This doesn’t come without consideration. You can see I mention this in the original feature request.
Yes - it’s fine to think of it as handholding (or handcoding). These model providers cannot be responsible for ultimate alignment with their users. Today, they can at best enable integration so a user, or business, can express and ensure their own alignment at runtime.
The nature of these systems already requires human symbiosis. This is nothing more than a new integration point. Will empower agents beyond today’s capabilities, increase adoption.
Claude Code has basically grown to dominate my initial coding workflow.
I was using the API and passed $50 easily, so I upgraded to the $100 a month plan and have already reached $100 in usage.
I've been working on a large project, with 3 different repos (frontend, backend, legacy backend) and I just have all 3 of them in one directory now with claude code.
Wrote some quick instructions about how it was setup, its worked very well. If I am feeling brave I can have multiple claude codes running in different terminals, each working on one piece, but Opus tends to do better working across all 3 repos with all of the required context.
Still have to audit every change, commit often, but it works great 90% of the time.

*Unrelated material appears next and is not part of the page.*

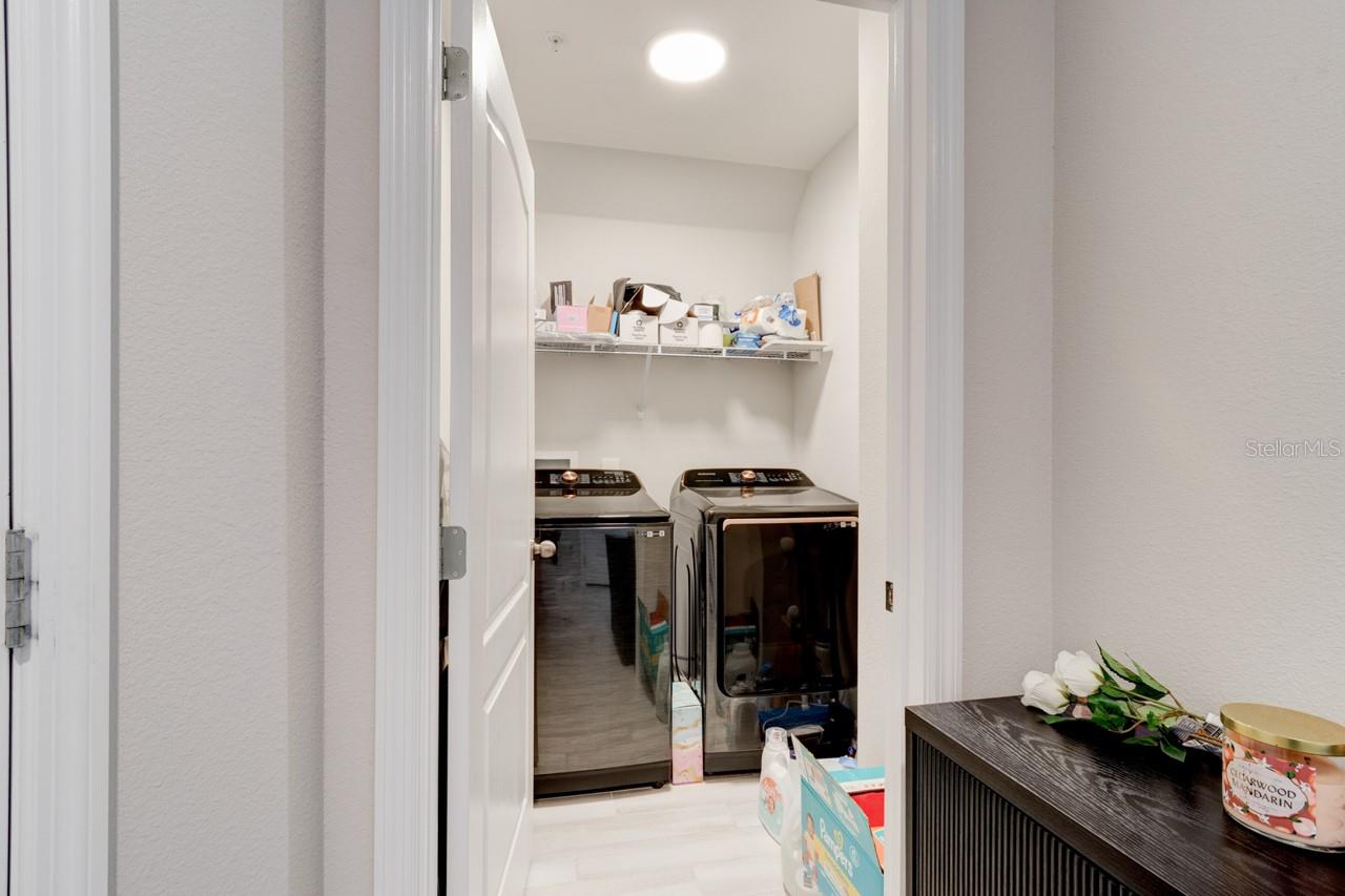 Welcome Home! This beautifully upgraded 3-bedroom, 2.5-bath townhome with a 1-car garage is move-in ready and packed with features youll love.Step into an open-concept floor plan with neutral tones and no carpet on the first floor. The modern kitchen boasts quartz countertops, stainless steel appliances, and overlooks the spacious living area, which opens to a screened-in back porch with a privacy screen on one sideperfect for relaxing or entertaining.Upstairs, youll find all three bedrooms, including a generously sized primary suite with a large walk-in closet and en-suite bathroom featuring dual sinks. The split floor plan adds privacy, and a loft area provides a flexible space ideal for a family room or home office. The two additional bedrooms share a full bathroom.Additional highlights include: One-car garage with a Tesla charger already installed Brick paver driveway with extra length for additional parking Gated community with a pool just steps from your front door Zoned for highly rated A-rated schools, including gifted and charter programs Easy access to major routes including I-4This home offers comfort, convenience, and style in a sought-after location. Dont miss it!

Opus-4 feels like what OAI was trying to hype up for the better part of 6 months before releasing 4.5
Just started using Claude (very late to the game), and I am truly blown away. Instead of struggling for hours trying to get the right syntax for a Powershell script or to convert Python to Go, I simply ask Claude to make it happen. This helps me focus on content creation instead of the mind-bending experience of syntax across various languages. While some might call it laziness, I call it freedom as it helps me get my stuff done quicker.
I have been using it for other stuff (real estate, grilling recipes, troubleshooting electrical issues with my truck), and it seems to have a very large knowledge base. At this point, my goal is to get good at asking the right kinds of questions to get the best/most accurate answers.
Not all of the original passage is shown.